Understand, this is not a criticism.  I think it’s okay to admit that some things, despite being well-made, are not going to be to our tastes.  I don’t like pineapple on pizza, and there’s really not anything that can be done to fix that.  And I prefer my fantasy . . . well . . . more fantastic.  And watching this show, it just makes me miserable.

It is, by the literal definition, a miserable show.  It features miserable characters in a miserable setting doing miserable things to each other.  It is a story designed, by intention, to take much of the fun out of fantasy and replaces it with a more “mature” version.  While I might not agree with that interpretation of “mature”, I can’t argue with its success.  And I’m not begrudging the show, its creators, or its stars their success.  They’ve earned it, and good for them.

But, yeah, it’s not for me.

I’m not here to talk about a specific show, but to talk about the transformation of a culture.  I won’t label it as good or bad because change is change.  It can be good or bad, and is often both at the same time.  But I get that this is the future of fantasy and science fiction, and it isn’t a place I’m very interested in going.

I also finally get why I will never convince many people that I am not a “light” writer.  It’s not just because I’m not interested in maturity for maturity’s sake.  It’s because the entire definition of what constitutes maturity is different than it was even a few years ago.  While my stories would never have been considered “dark”, they are even lighter by comparison.

Everything is relative, and the darker mainstream fiction gets, the lighter mine becomes.  As people become embroiled in more and more soap opera-like sagas, my standalone stories are working uphill to be considered anything other than trivial snacks.  And I get that.  I even accept it.  What choice do I have?

I’ve railed against the grimdarking of popular culture in general, but there’s little point in denying it is how things are going.  When even Superman is maudlin and mopey, it’s safe to say we are living in a different world than I ever expected to be in.  Speaking of which, a friend of mine said that he didn’t understand why anyone thought Man of Steel was so dark, and I realized that he wasn’t far off the mark.  If you’d tried to pass of the unpleasant version of Superman in the 8o’s, it probably wouldn’t have been well received.  But today, a Superman who leaves Metropolis in ruins and who struggles to do the right thing isn’t much different than most mainstream heroes.  Watching Metropolis fall to rubble or this Superman kill a guy doesn’t draw much attention from at least half the audience.  Heck, Superman even kind of feels bad about it for a few minutes, so, hey, that makes him seem positively quaint by today’s standards.

We are living in the culture where a hollow deconstruction like Kick-Ass can be viewed as groundbreaking and where I read “Good guys are boring” at least once a day when perusing the internet.
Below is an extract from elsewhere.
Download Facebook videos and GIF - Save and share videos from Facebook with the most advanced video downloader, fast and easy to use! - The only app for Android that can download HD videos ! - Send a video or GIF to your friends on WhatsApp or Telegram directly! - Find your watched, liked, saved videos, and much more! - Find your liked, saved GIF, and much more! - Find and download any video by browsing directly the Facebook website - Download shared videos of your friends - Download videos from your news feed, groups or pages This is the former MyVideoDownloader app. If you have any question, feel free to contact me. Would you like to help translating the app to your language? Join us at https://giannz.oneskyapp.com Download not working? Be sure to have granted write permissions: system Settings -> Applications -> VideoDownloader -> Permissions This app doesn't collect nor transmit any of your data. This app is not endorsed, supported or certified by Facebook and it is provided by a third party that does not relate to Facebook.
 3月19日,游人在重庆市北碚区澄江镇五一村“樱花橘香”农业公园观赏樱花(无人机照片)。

I get all that, and I realize it doesn’t help any that I’ve become reflexively more interested in heroism and sincerity as a response.  Where once I might have enjoyed cynical anti-heroes, I find them more and more off-putting.  When I watched Game of Thrones, I realized I could only watch so much of the despicable characters mutilating innocent victims before I needed a hero to sweep in and do something about it.

But heroes . . . they’re old-fashioned.  Now, we’re all just living in shades of gray, and in a world where there are no heroes, the only way to make the bad guys bad is to make them so terrible that they fill the audience with utter disgust.  And I can even live with that, but I can’t help but feel like we’ve lost something important in the transition.  Or not.  I don’t know.

Given the nature of current popular culture, there’s little chance of me ever being taken seriously as a writer.  I’ll certainly be good for a laugh or two.  I might even give the more thoughtful reader something to think about.  But I still have a tendency to make even my bad guys into good guys (of a sort), and I’m unapologetic of my love of heroes who step up and do the right thing because they are genuinely heroic.  I’m not going to drop in a rape scene to show how bad the bad guys are.  I’m not going to mutilate the heroes’ scrappy girl or boyfriend just to show you how serious I am.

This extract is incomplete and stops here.